Once, in the middle of summer, she spoke of Katherine.
“I just heard, a day or so ago,” she said. “So your little coed has gone, has she?”
With an effort he brought his attention away from the window and turned to Edith. “Yes,” he said mildly.
“What was her name?” Edith asked. “I never can remember her name.”
“Katherine,” he said. “Katherine Driscoll.”
“Oh, yes,” Edith said. “Katherine Driscoll. Well, you see? I told you, didn’t I? I told you these things weren’t important.”
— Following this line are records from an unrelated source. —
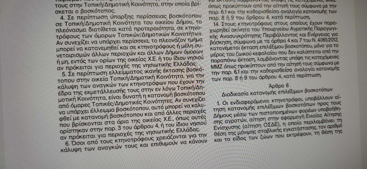 Ότι τα βοσκοτοπικά δικαιώματα εκτός περιφερειακής ενότητας δεν ήταν με «κριτήριο ζωοτροφών», αλλά με «φορολογικά δεδομένα».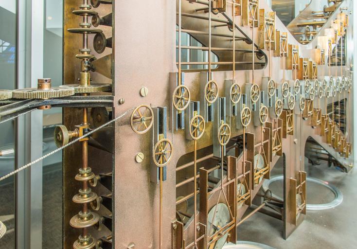 | Keywords: NOAA's Tide Predicting Machine No. 2.jpg en This photo shows the largest of the three sections of Tide Predicting Machine No 2 a special purpose mechanical analog computer for predicting the height and time of high and low tides The gears on the left transmit power from the hand crank The components on the right contribute to the computation of the time of high and low tides The U S government used Tide Predicting Machine No 2 from 1910 to 1965 to predict tides for ports around the world The machine also known as Old Brass Brains uses an intricate arrangement of gears pulleys chains slides and other mechanical components to perform the computations A person using the machine would require 2-3 days to compute a year ™s tides at one location A person performing the same calculations by hand would require hundreds of days to perform the work The machine is 10 8 feet 3 3 m long 6 2 feet 1 9 m high and 2 0 feet 0 61 m wide and weighs approximately 2 500 pounds 1134 kg The operator powers the machine with a hand crank The National Oceanographic and Atmospheric Administration NOAA maintains the machine in working order 2016-03-14 11 19 54 own Steven Fine other versions 38 991561666667 -77 029463333333 cc-zero Machines Analog computers National Oceanic and Atmospheric Administration Silver Spring Maryland Tides Harmonic analysis Maritime navigation Mechanical calculators Tide-predicting machines navigation |
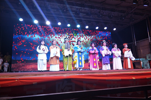 7月14日晚8点,betway西汉姆联“缘起定陶”暑假社会实践队有幸观看了由定陶区两夹弦非遗保护传承中心为庆祝新中国成立70周年的惠民展演《梁山伯与祝英台》,展演持续了两个小时,十点结束。菏泽市定陶区两夹弦非遗保护传承中心2008年被国务院公布为国家级“非遗”名录,是目前全国唯一的国有两夹弦专业院团。

He nodded absently. Outside, in the old elm that crowded the back-yard fence, a large black-and-white bird—a magpie—had started to chatter. He listened to the sound of its calling and watched with remote fascination the open beak as it strained
out its lonely cry.
He aged rapidly that summer, so that when he went back to his classes in the fall there were few who did not recognize him with a start of surprise. His face, gone gaunt and bony, was deeply lined; heavy patches of gray ran through his hair; and he was heavily stooped, as if he carried an invisible burden. His voice had grown a little grating and abrupt, and he had a tendency to stare at one with his head lowered, so that his clear gray eyes were sharp and querulous beneath his tangled eyebrows. He seldom spoke to anyone except his students, and he responded to questions and greetings always impatiently and sometimes harshly.
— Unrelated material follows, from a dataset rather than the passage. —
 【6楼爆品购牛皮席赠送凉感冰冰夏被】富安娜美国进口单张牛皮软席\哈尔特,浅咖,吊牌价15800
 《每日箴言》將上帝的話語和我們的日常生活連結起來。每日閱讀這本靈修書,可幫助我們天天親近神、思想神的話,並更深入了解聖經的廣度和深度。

He did his work with a doggedness and resolve that amused his older colleagues and enraged the younger instructors, who, like himself, taught only freshman composition; he spent hours marking and correcting freshman themes, he had student conferences every day, and he attended faithfully all departmental meetings. He did not speak often at these meetings, but when he did he spoke without tact or diplomacy, so that among his colleagues he developed a reputation for crustiness and ill temper. But with his young students he was gentle and patient, though he demanded of them more work than they were willing to give, with an impersonal firmness that was hard for many of them to understand.
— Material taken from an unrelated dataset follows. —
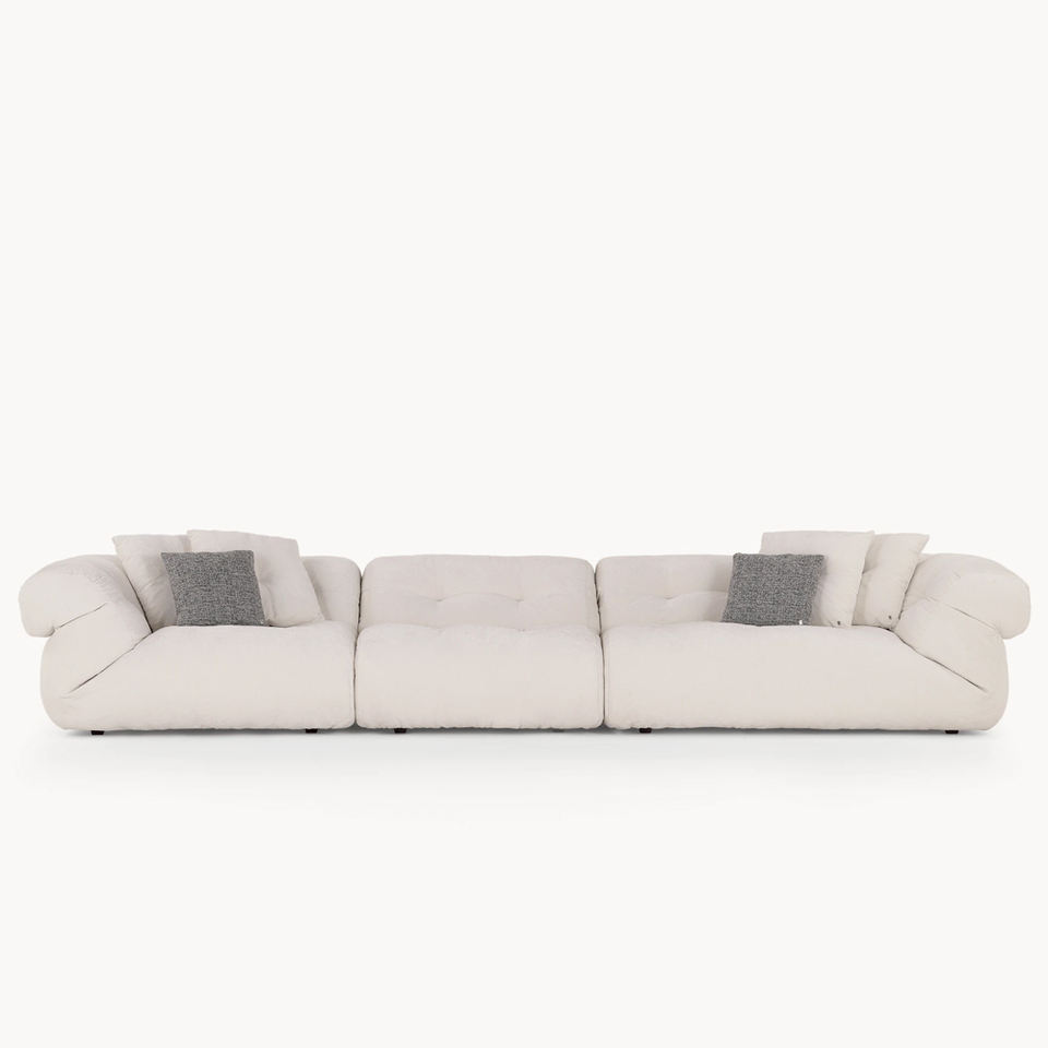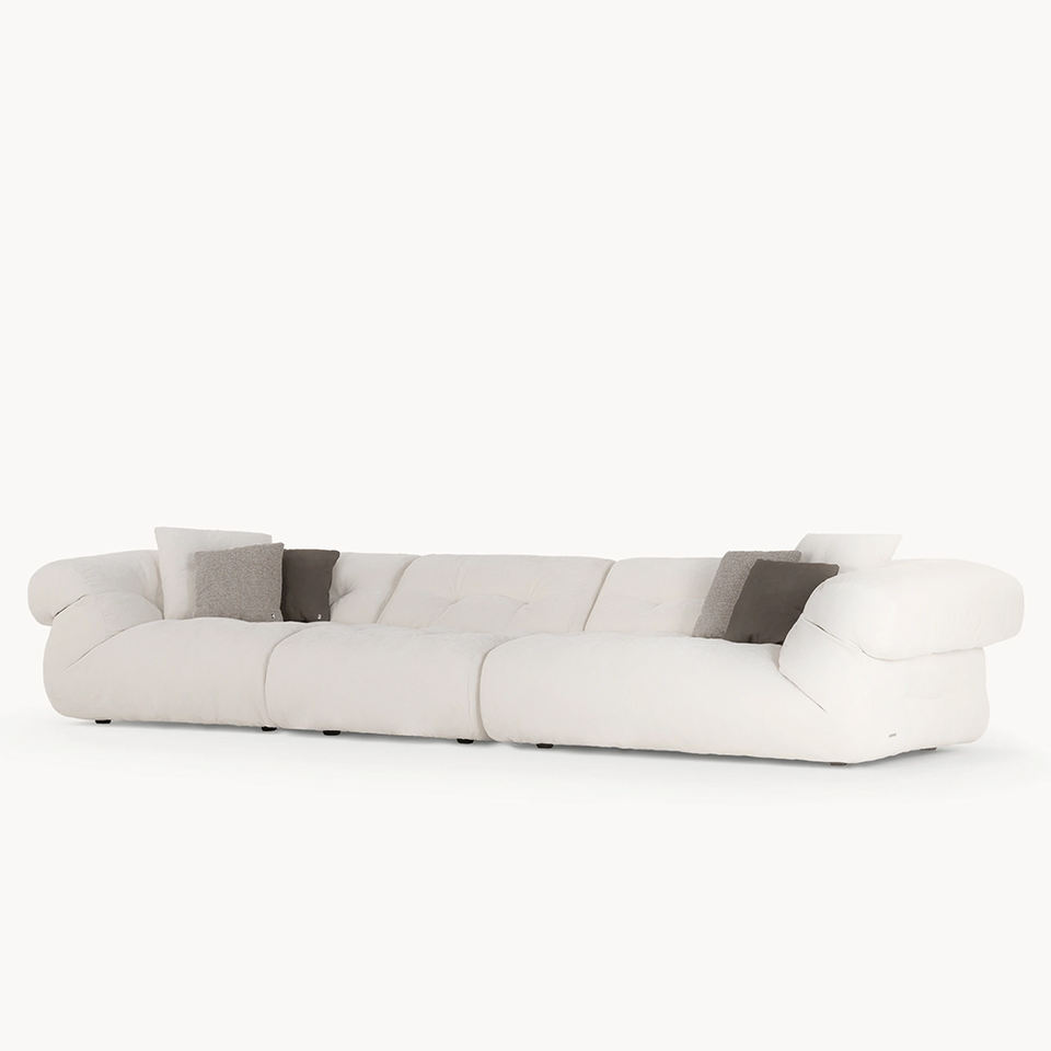 Canapé en tissu blanc haut de gamme 4 places, long, moderne, minimaliste, élégant, confortable et moelleux pour villa, maison, salon chaleureux

It was a commonplace among his colleagues—especially the younger ones—that he was a “dedicated” teacher, a term they used half in envy and half in contempt, one whose dedication blinded him to anything that went on outside the classroom or, at the most, outside the halls of the University. There were mild jokes: after a departmental meeting at which Stoner had spoken bluntly about some recent experiments in the teaching of grammar, a young instructor remarked that “To Stoner, copulation is restricted to verbs,” and was surprised at the quality of laughter and meaningful looks exchanged by some of the older men. Someone else once said, “Old Stoner thinks that WPA stands for Wrong Pronoun Antecedent,” and was gratified to learn that his witticism gained some currency.